*How to complete this task:*
Take from the entries below the stretch from the line with "وعبر خليفة في" through the line with "綾織りならではの密度と軽やか", and return it exactly, leaving the pictures out.

*Material provided:*
☆ ☆ ☆ ☆ ☆
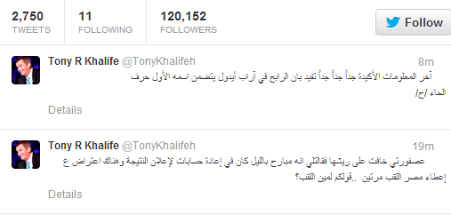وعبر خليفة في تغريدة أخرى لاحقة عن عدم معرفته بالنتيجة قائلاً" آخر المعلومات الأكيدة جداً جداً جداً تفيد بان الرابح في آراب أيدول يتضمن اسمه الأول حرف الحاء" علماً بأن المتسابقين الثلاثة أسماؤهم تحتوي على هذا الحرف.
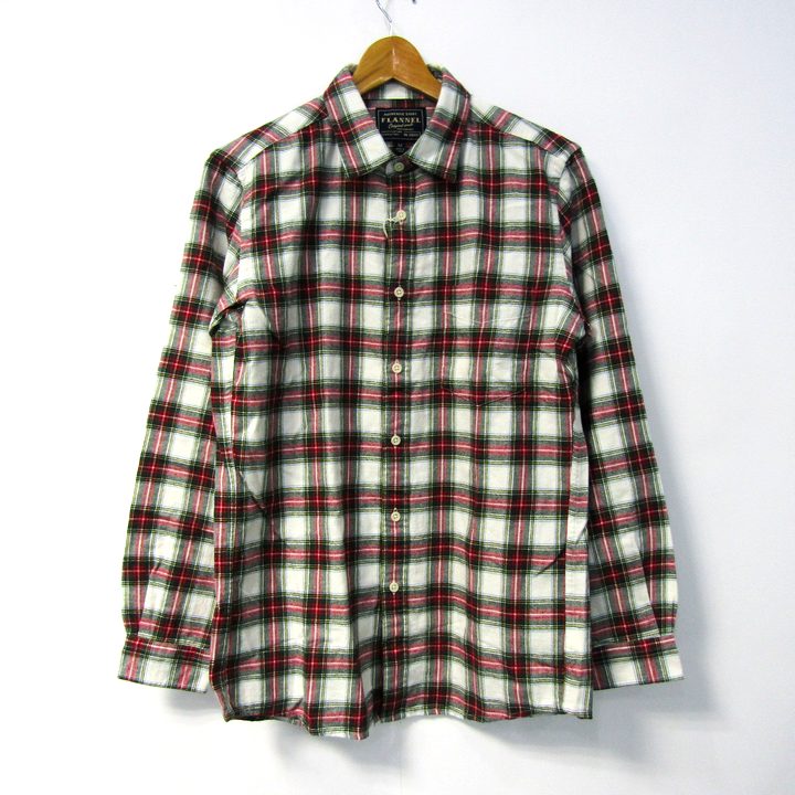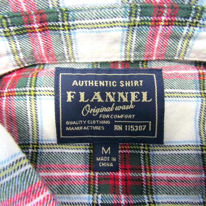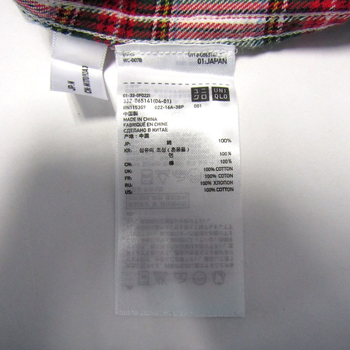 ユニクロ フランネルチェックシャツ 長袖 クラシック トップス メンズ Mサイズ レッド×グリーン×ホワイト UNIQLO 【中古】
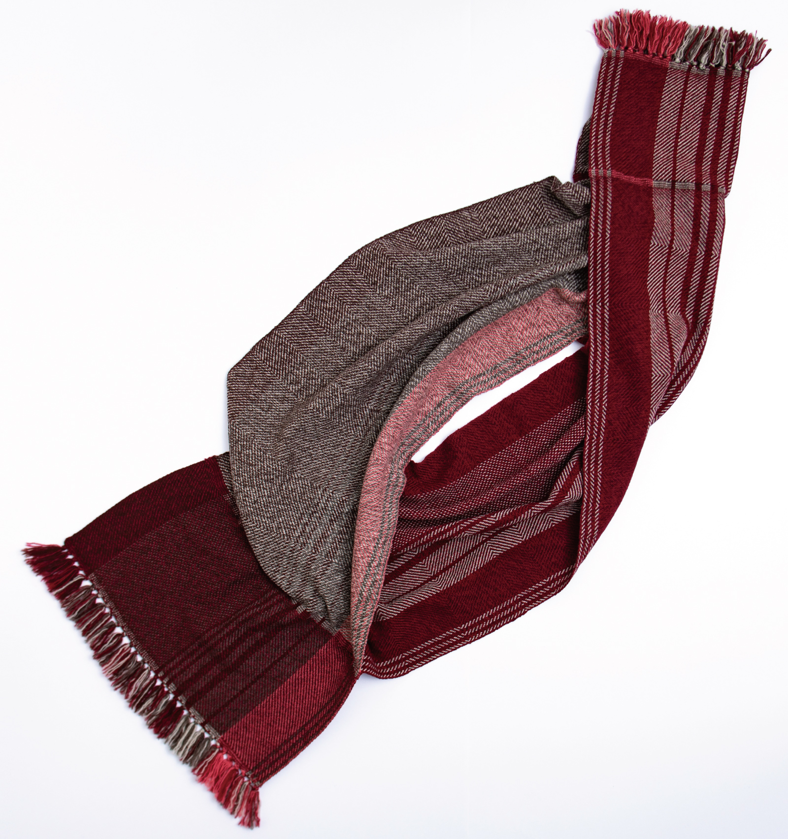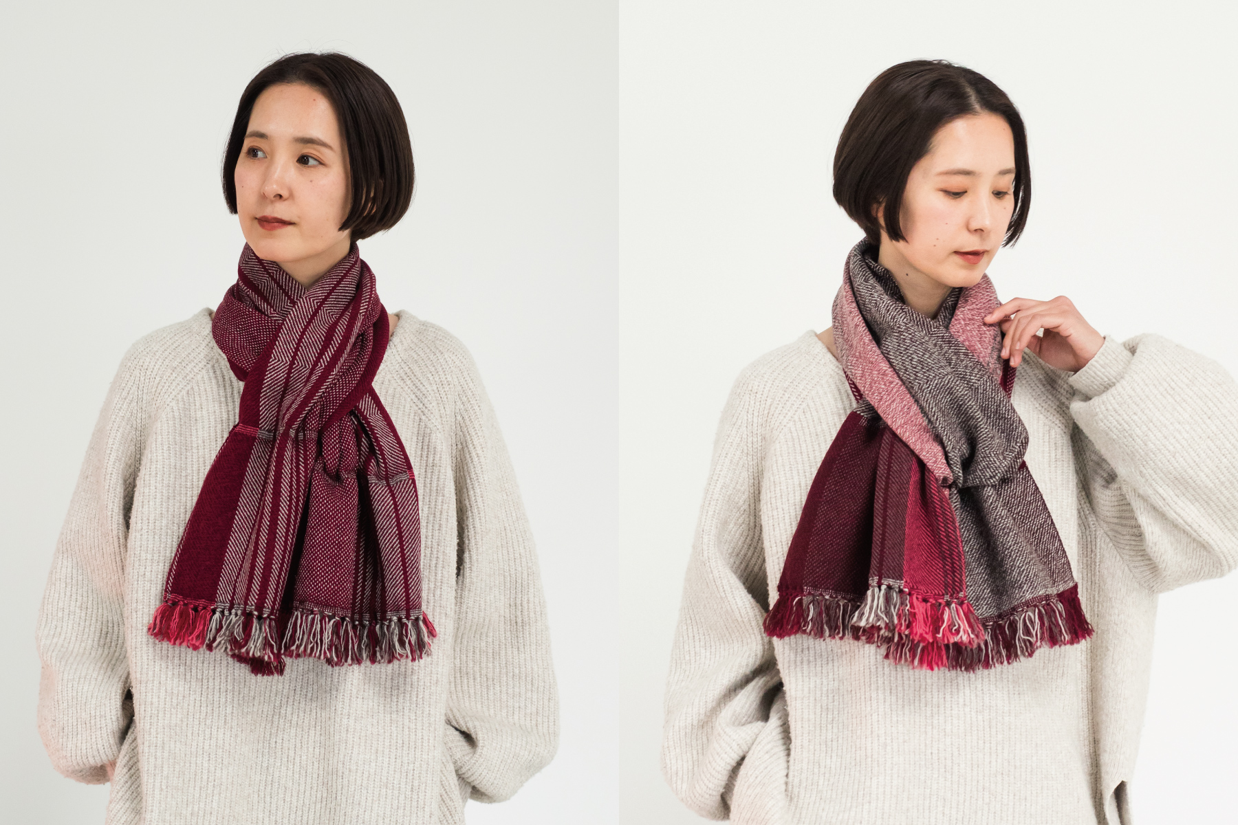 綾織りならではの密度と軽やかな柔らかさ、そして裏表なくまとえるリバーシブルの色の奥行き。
☆ ☆ ☆ ☆ ☆
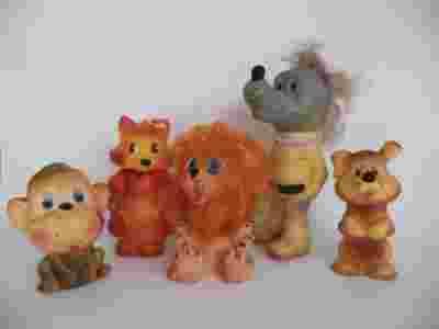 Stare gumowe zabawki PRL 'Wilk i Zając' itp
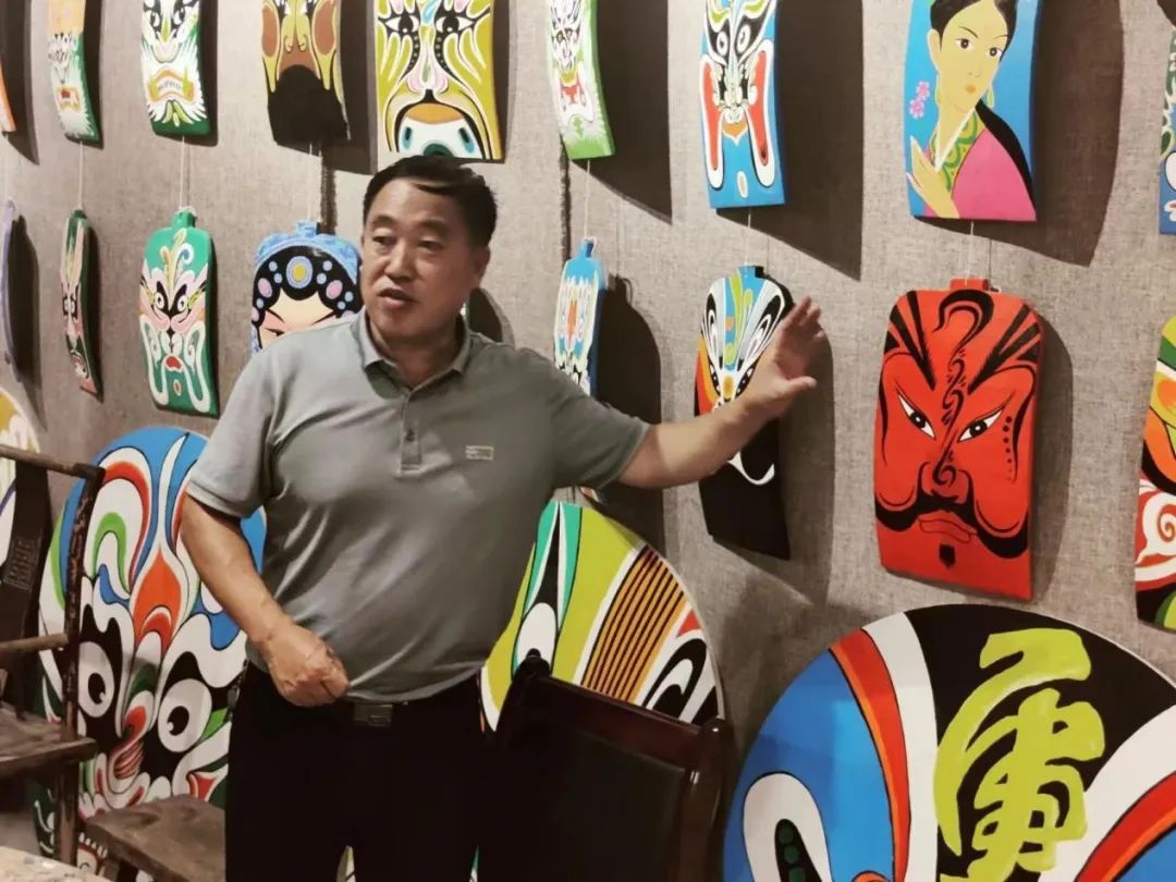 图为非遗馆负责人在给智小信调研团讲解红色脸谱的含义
☆ ☆ ☆ ☆ ☆
*Written reply:*
وعبر خليفة في تغريدة أخرى لاحقة عن عدم معرفته بالنتيجة قائلاً" آخر المعلومات الأكيدة جداً جداً جداً تفيد بان الرابح في آراب أيدول يتضمن اسمه الأول حرف الحاء" علماً بأن المتسابقين الثلاثة أسماؤهم تحتوي على هذا الحرف.
 ユニクロ フランネルチェックシャツ 長袖 クラシック トップス メンズ Mサイズ レッド×グリーン×ホワイト UNIQLO 【中古】
 綾織りならではの密度と軽やかな柔らかさ、そして裏表なくまとえるリバーシブルの色の奥行き。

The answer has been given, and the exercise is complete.